LA CORTE COSTITUZIONALE

 

 

 

composta dai signori:

 

Presidente

 

Prof. Gabriele PESCATORE

 

Giudici

 

Avv. Ugo SPAGNOLI

 

Prof. Antonio BALDASSARRE

 

Prof. Vincenzo CAIANIELLO

 

Avv. Mauro FERRI

 

Prof. Luigi MENGONI

 

Prof. Enzo CHELI

 

Dott. Renato GRANATA

 

Prof. Giuliano VASSALLI

 

Prof. Cesare MIRABELLI

 

Prof. Fernando SANTOSUOSSO

 

Avv. Massimo VARI

 

Dott.
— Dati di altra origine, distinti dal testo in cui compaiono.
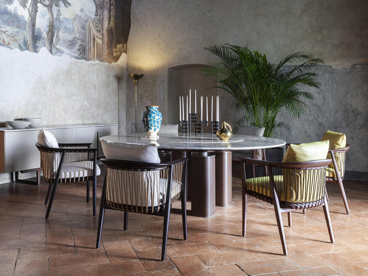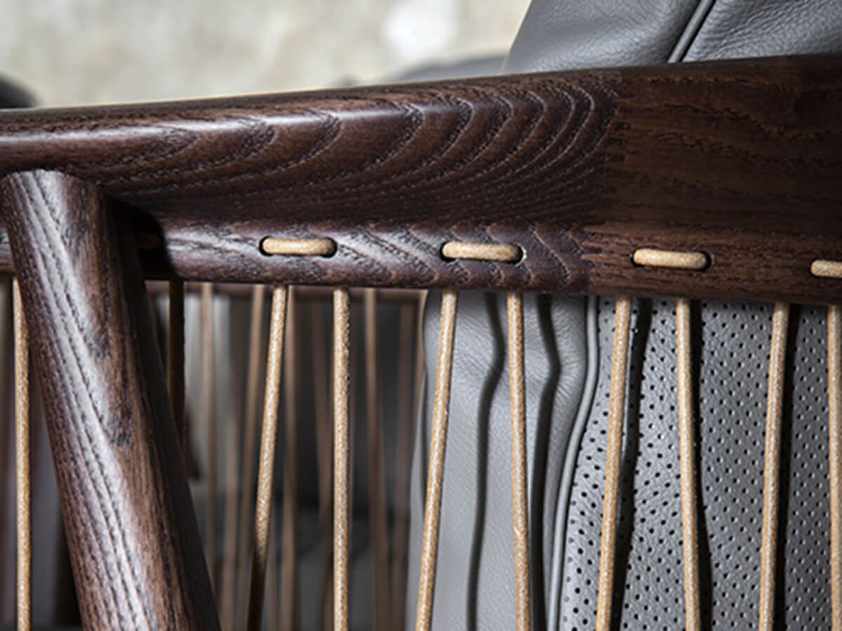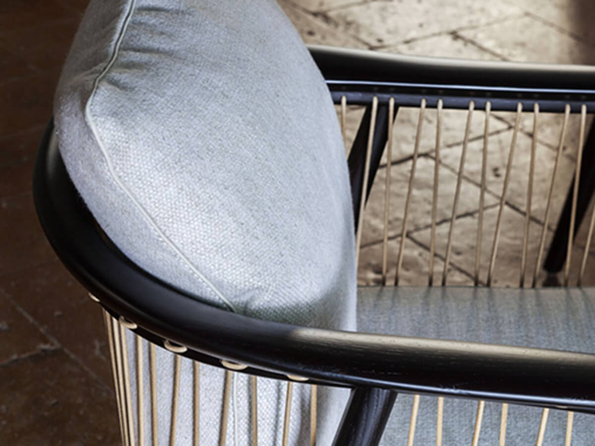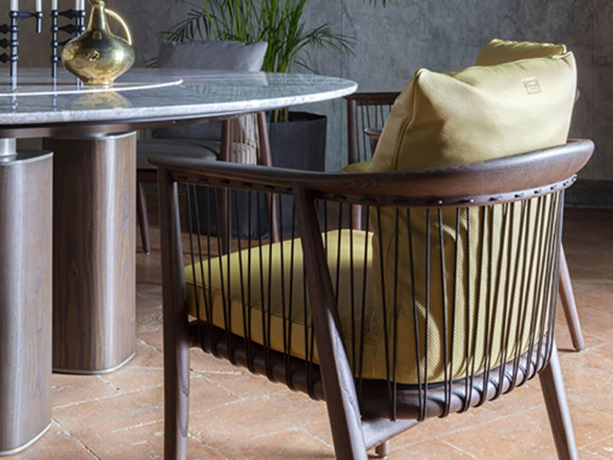 La linea Viola si declina in numerose proposte per la casa, spaziando dalla sedia alla poltroncina senza però compromettere in alcun modo la comodità di questo elemento d’arredo estremamente versatile e fruibile nei diversi ambienti della casa. Le linee classiche che ispirano Viola sono state addolcite e svecchiate donandole un tono contemporaneo fatto di pieni e vuoti che valorizzano la struttura nel suo insieme. Lo schienale in legno, grazie alla morbida e confortevole curvatura, va a creare una zona di appoggio per i gomiti, impreziosita dall’intreccio realizzato con sessanta cordoncini di cuoio che lo collegano alla struttura.
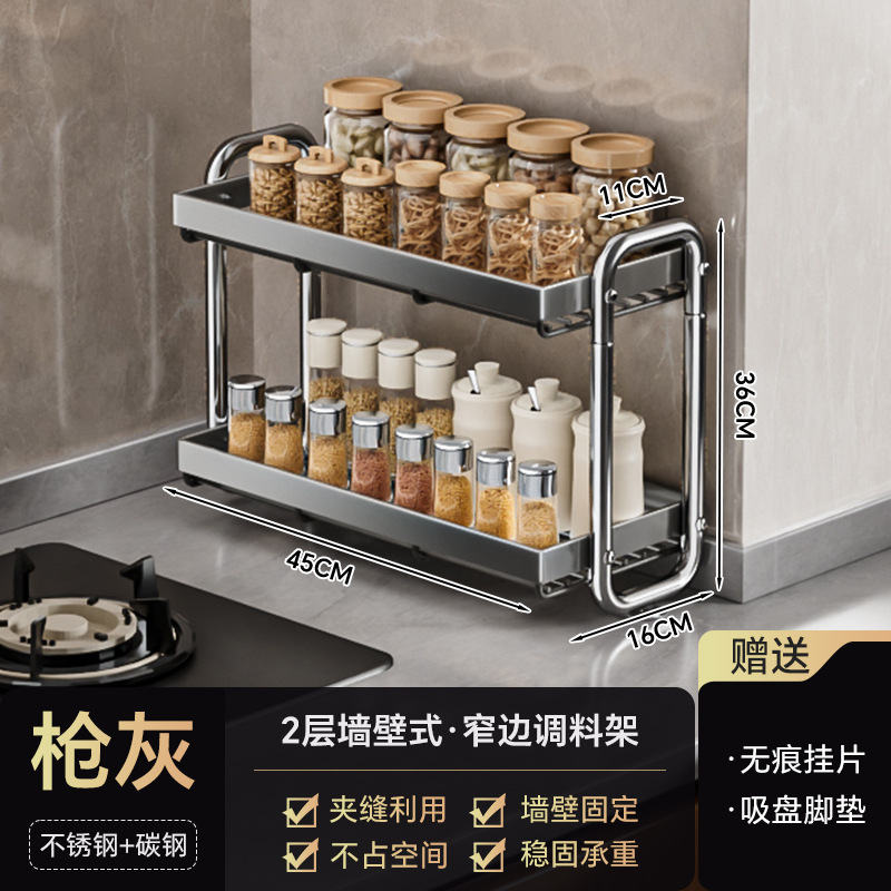 • 2단 벽걸이형*좁은 가장자리 스파이스 랙*건그레이
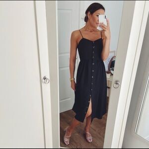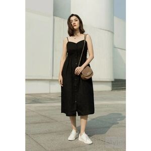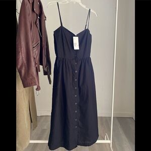 Calf-length dress in a woven linen and cotton blend. Gentle V-neck, narrow, adjustable shoulder straps, buttons full length of front, and smocking at back. Gathered seam at waist for added volume and soft draping. Lined.
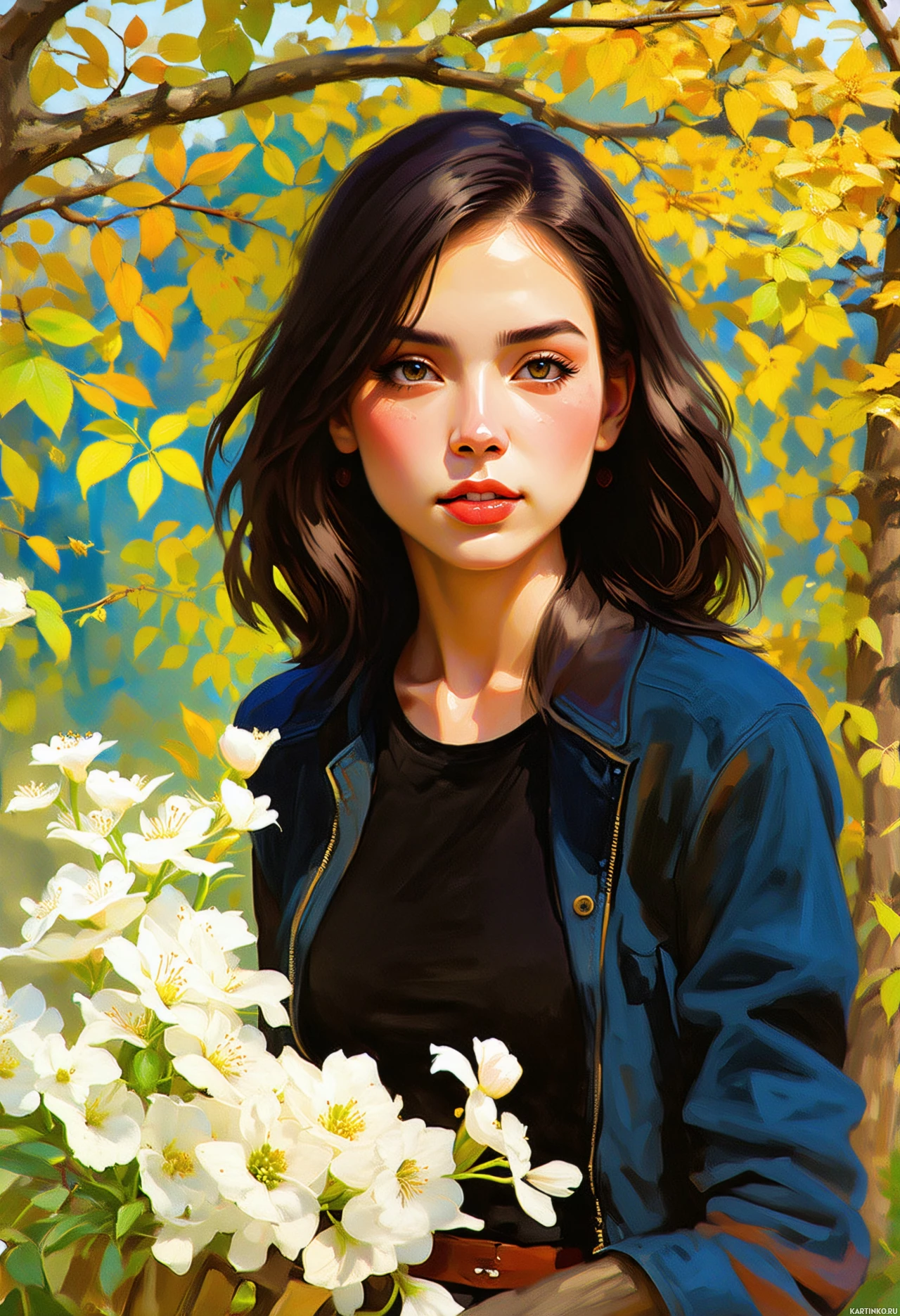 На картинке изображена молодая женщина с тёмными волосами до плеч. У неё светлая кожа, а выражение лица нейтральное, немного грустное. На губах нежно-розовый блеск для губ. Она одета в джинсовую куртку поверх чёрной водолазки. В левой руке она держит букет белых цветов. На заднем плане – что-то похожее на цифровую живопись: осенний лес с золотыми листьями и солнечное настроение. Общий стиль указывает на то, что картинка, вероятно, создана в цифровом формате, возможно, для художественных или рекламных целей.
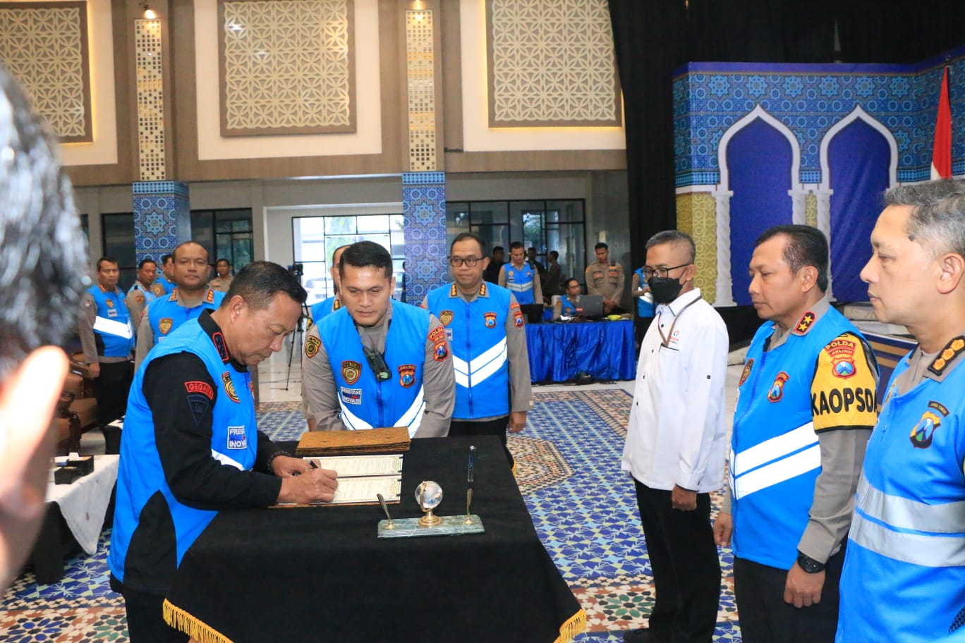 Surabaya, KLIKTODAY.CO.ID – Kapolda Jawa Timur Irjen Pol Dr. Toni Harmanto,MH didampingi Waka Polda Jatim Brigjen Pol Akhmad Yusep Gunawan beserta Pejabat Utama (PJU) Polda Jatim, menggelar Pakta Integritas dan Pengambilan Sumpah Seleksi Penerimaan Calon Anggota Polri TA. 2023 Panda Jatim Secara Luring dan Daring.
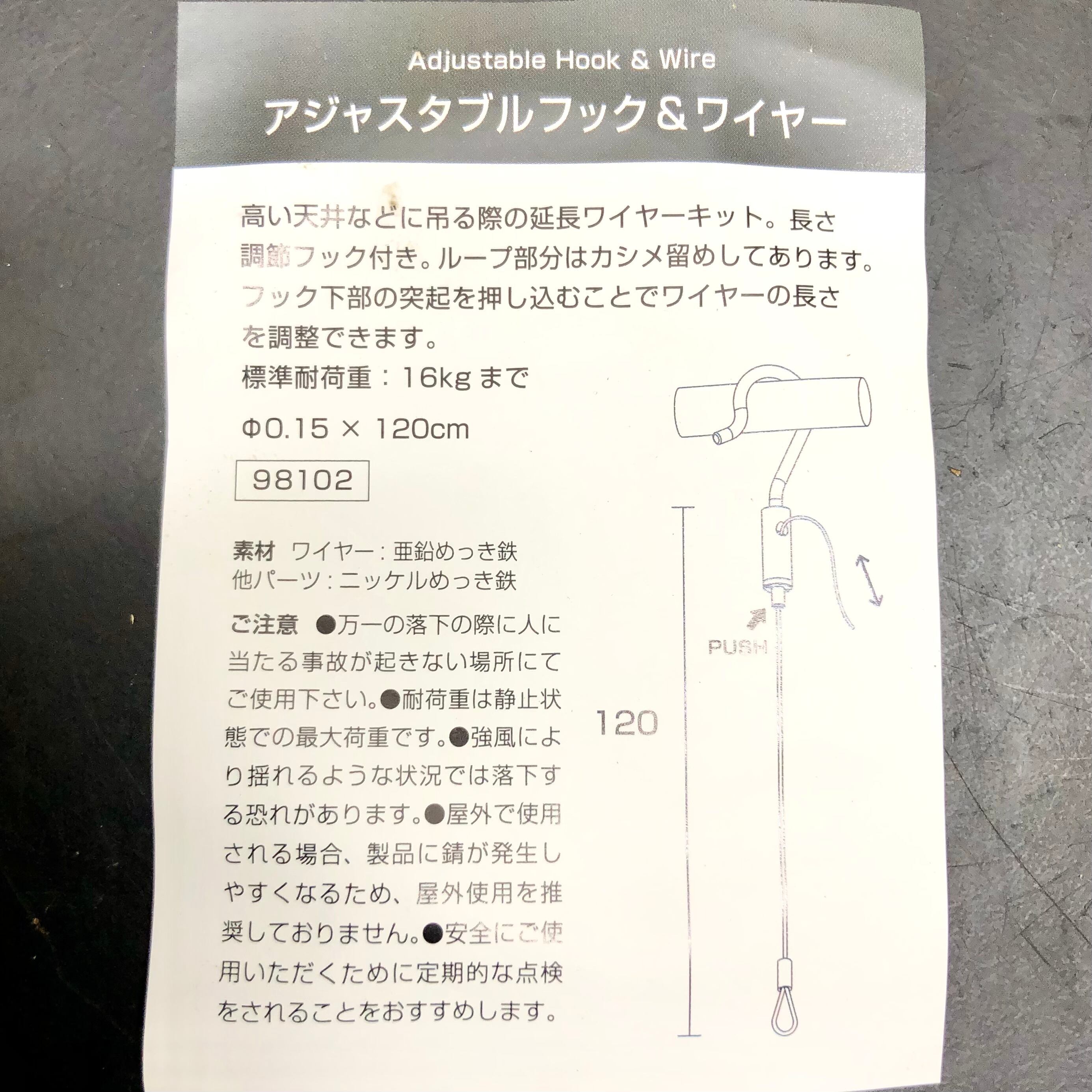 そんな時はこちらの延長ワイヤーキットをおすすめいたします。最大120センチまで延長が可能で標準耐荷重16キロです。
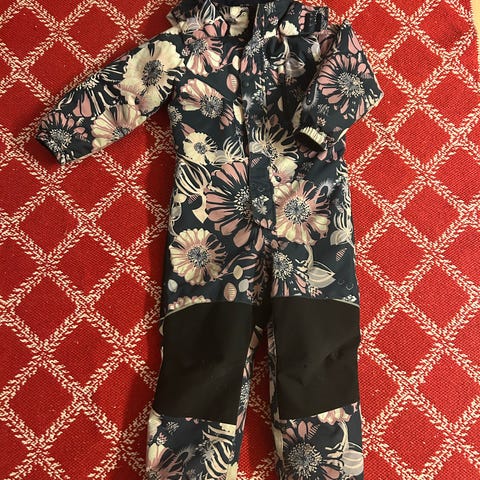 Hyväkuntoinen ja ehjä Reiman toppahaalari, koko 110. Väri metsänvihreä, havupuukuosi.
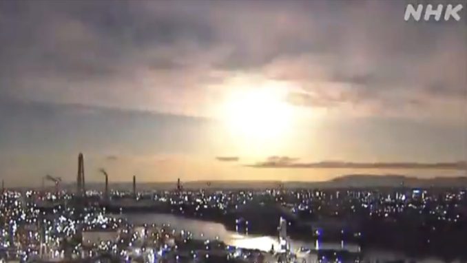 Javna televizija NHK javila je da su njihove kamere u centralnim prefekturama Aiči Mie i drugde snimile plamteću loptu u južnom nebu.
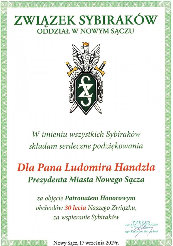 Związek Sybiraków obchodził 30-lecie działalności (17 września). Kilkudziesięciu członków Związku Sybiraków na Sądecczyźnie i Ziemi Gorlickiej spotkało się, aby złożyć kwiaty pod obeliskiem poświęconym zamęczonym i pomordowanym na nieludzkiej ziemi. Członkowie Związku i osoby dla niego zasłużone otrzymały odznaczenia i podziękowania. Wśród nich był prezydent Nowego Sącza Ludomir Handzel, który objął uroczystości patronatem honorowym.
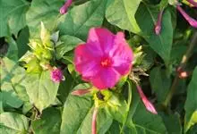 即紫茉莉,英文名:Four-o'clock,Marvel of Peru,为紫茉莉科、紫茉莉属多年生草本植物,一年生栽培。株高50~80cm。根粗壮,茎多分枝而散生。叶对生,卵形或心脏形。花数朵簇生…全部>>
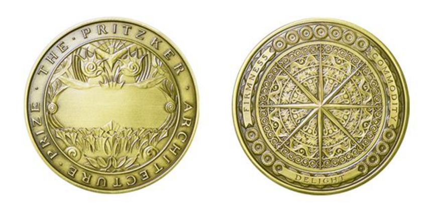 按照慣例,獲獎者可獲10萬美元、一份證書和一枚銅質獎章。獎章正面圖案以芝加哥著名建筑師路易斯·沙利文(Louis Sullivan,沙利文是芝加哥著名的建筑師和公認的摩天大廈之父)的設計為基礎,刻有“The Pritzker Architecture Prize”(普利茲克建筑獎)字樣,獲獎者的姓名刻在獎章正中,獎章背面刻著亨利·沃頓1624年在其《建筑的要素》一書中提出的建筑的三個基本條件:“堅固、實用、愉悅”。截至目前,該獎項已持續頒發42年,共有47位建筑師獲獎。
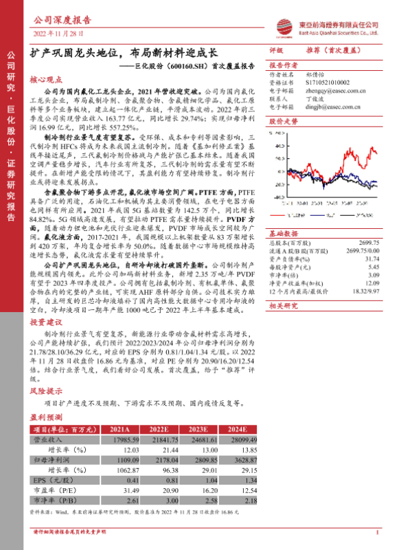 【东亚前海证券】【20221128】首次覆盖报告:扩产巩固龙头地位,布局新材料迎成长-28页
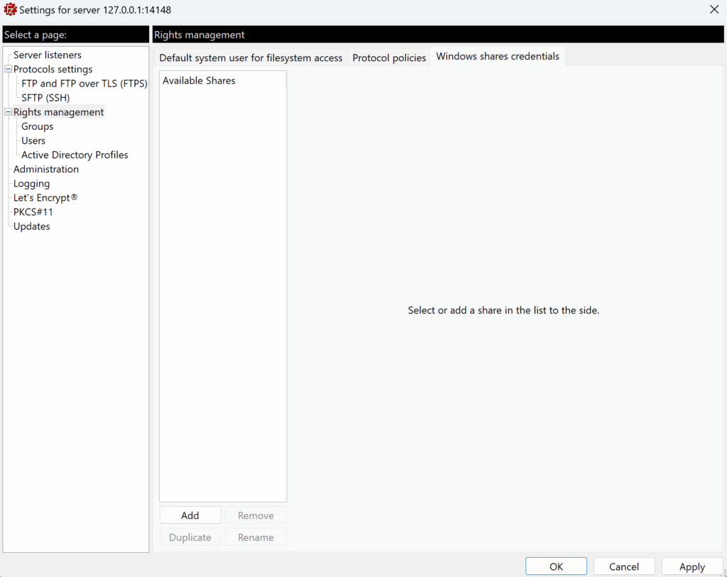The Windows Shares Credentials tab allows you to configure credentials for accessing an existing Windows share.
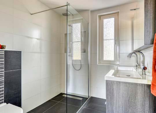 De overloop geeft toegang tot drie ruime slaapkamers, elk voorzien van een laminaatvloer met hoge plinten en een strakke afwerking. De geheel betegelde badkamer is modern uitgevoerd en beschikt over een inloopdouche, een dubbel wastafelmeubel, toilet én elektrische vloerverwarming voor extra comfort.
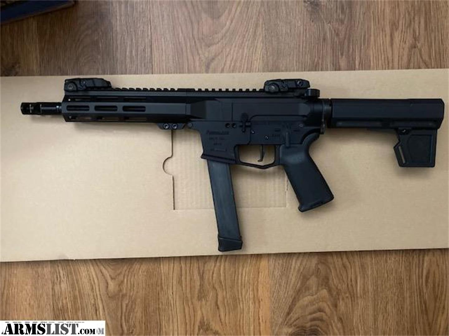 This Armalite 9mm AR-style pistol comes with the collapsible brace and a 30 round Glock pattern mag as well as Mag-Pul flip-up sights.It has never been fired. Not interested in trades.Text only 864-788-6017
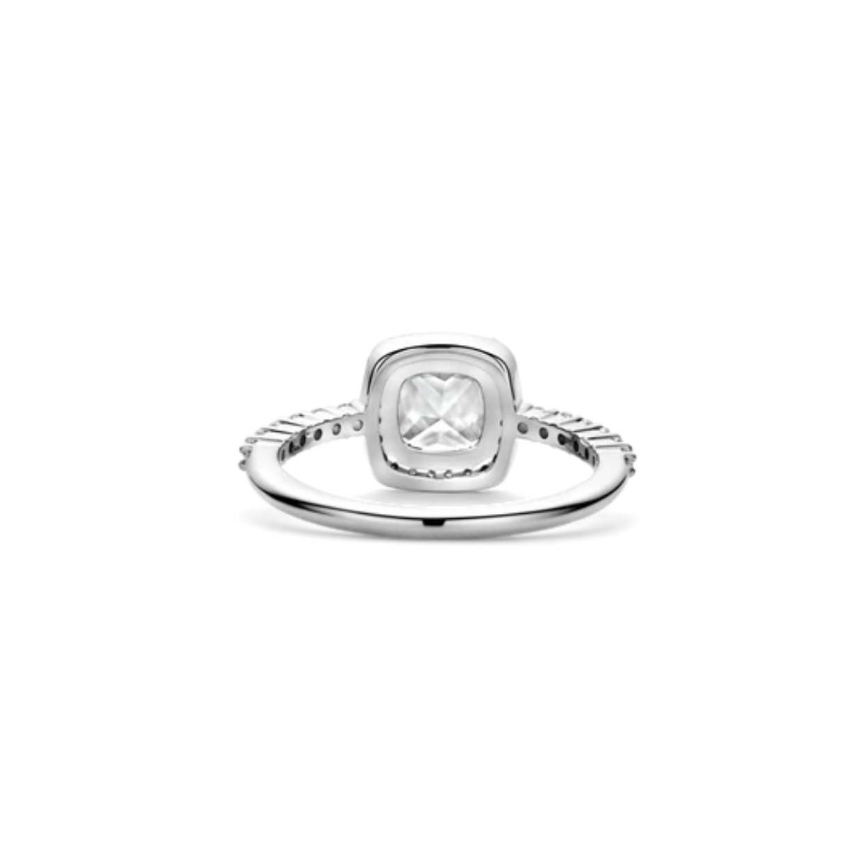 Geniet van verfijnde glans met deze TI SENTO platinakleurig vergulde zilveren ring 12389ZI. Vervaardigd uit 925 sterling zilver en voorzien van een spiegelend platinakleurige afwerking, is de band half bedekt met pavé-steentjes die de blik naar de 9 mm fantasy-cut witte cubic zirconia in het midden leiden. Een delicate micro-halo omlijst de centrale steen, versterkt elk lichtspel en geeft het ontwerp een tijdloze elegantie. Draag de ring solo als een opvallend sieraad voor een scherpe verfijning, of combineer hem met slanke stackers voor een persoonlijke sprankeling. Volledig nikkelvrij en hypoallergeen, biedt deze ring blijvende kwaliteit en moeiteloos comfort.
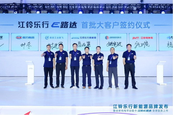 领先的技术实力,也让江铃乐行E路达备受业界认可。现场,江铃乐行E路达首批大客户订单交付及生态伙伴签约仪式成功举行,首批意向订单突破万台,这意味着江铃乐行新能源在成就客户的道路上,迈出了坚实一步。未来,江铃乐行新能源还将陆续推出覆盖智慧物流、绿色客运、任务&改装领域的优质产品,持续为客户创造美好生活赋能。
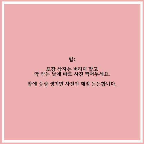 팁: 포장 상자는 버리지 말고 약 받는 날에 바로 사진 찍어두세요. 밤에 증상 생기면 사진이 제일 든든합니다.
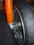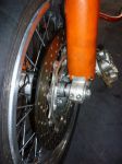 Now got the front in - this wheel is a non KTM hub laced to a KTM rim (back is all KTM) and uses a smaller older KTM spindle (I think) it came with loads of different spacers and some 'sleeves' to insert into the bottom of the fork legs to 'downsize' to take the smaller spindle.
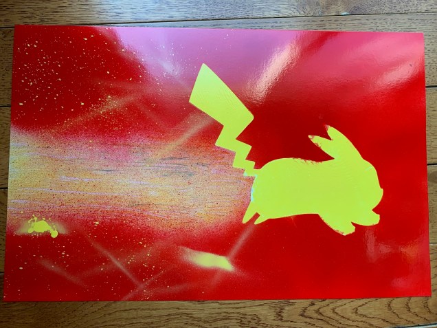 BRONZE – $25 USD or more – Pikachu 4″x6″ spray paint art print PLUS a signed Pokemon card
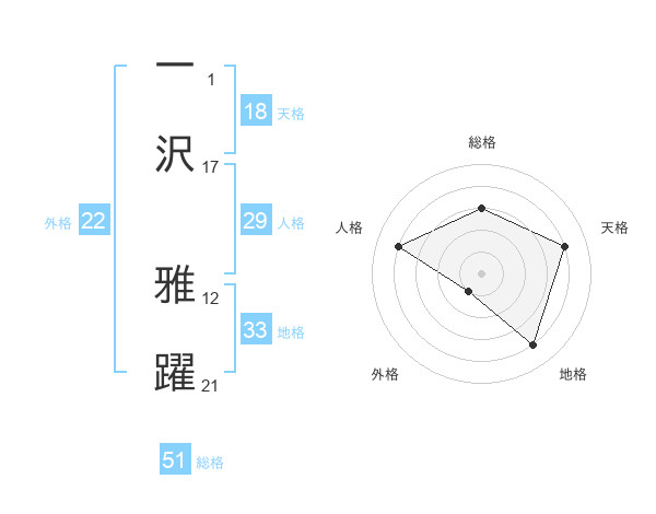 一沢 雅躍さんの総格は51画の3点!
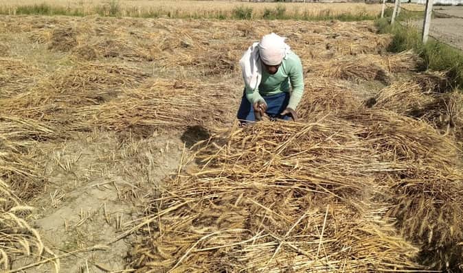 बारिश में भीगी गेहूं की कटी फसल को सुखाता मजदूर। संवाद

Cesare RUPERTO

 

ha pronunciato la seguente

 

SENTENZA

 

 nel giudizio di legittimità costituzionale dell'art. 21 del d.P.R.27 aprile 1968, n. 488 (Aumento e nuovo sistema di calcolo delle pensioni a carico dell'assicurazione generale obbligato ria), così come modificato dall'art. 20 della legge 30 aprile 1969, n. 153 (Revisione degli ordinamenti pensionistici e norme in materia di sicurezza sociale), promosso con ordinanza emessa il 22 giugno 1993 dal Pretore di Prato nel procedimento civile vertente tra Ferri Renzo e l'I.N.P.S., iscritta al n. 621 del registro ordinanze 1993 e pubblicata nella Gazzetta Ufficiale della Repubblica n. 42, prima serie speciale, dell'anno 1993.

 

Visti gli atti di costituzione Ferri Renzo e dell'I.N.P.S.;

 

udito nell'udienza pubblica del 10 maggio 1994 il Giudice relatore Fernando Santosuosso;

 

udito l'avvocato Franco Agostini per Ferri Renzo.

 

Ritenuto in fatto

 

 1. - Nel corso di un giudizio promosso da Ferri Renzo volto ad ottenere la restituzione dall'I.N.P.S. di parte delle trattenute effettuate sulla base del disposto di cui all'art. 20 della legge 30 aprile 1969, n. 153, il Pretore di Prato, ha sollevato, in riferimento agli artt. 3 e 38 della Costituzione, questione di legittimità costituzionale dell'art. 21 del d.P.R. 27 aprile 1968, n. 488 (Aumento e nuovo sistema di calcolo delle pensioni a carico dell'assicurazione generale obbligatoria), così come modificato dall'art. 20 della legge 30 aprile 1969, n. 153 (Revisione degli ordinamenti pensionistici e norme in materia di sicurezza sociale), nella parte in cui non prevede che la trattenuta da effettuare nei confronti del pensionato che presta attività lavorativa part- time venga commisurata al numero effettivo di ore lavorate, anzichè ai giorni in cui le stesse sono distribuite.

 

Il giudice rimettente premette che dalla formulazione dell'art. 5, secondo comma, del decreto-legge 30 ottobre 1984, n. 726 convertito nella legge 19 dicembre 1984, n. 863, emerge che il legislatore ha inteso accordare ai soggetti del rapporto la più ampia flessibilità nell'articolazione dell'orario di lavoro, consentendo, quindi, sia il c.d. "part-time orizzontale" - che si ha quando l'orario di lavoro, ridotto rispetto a quello ordinario, viene distribuito per più giorni della settimana - sia quello c.d. "verticale" - che si ha ove la prestazione lavorativa venga concentrata solo in alcuni giorni della settimana.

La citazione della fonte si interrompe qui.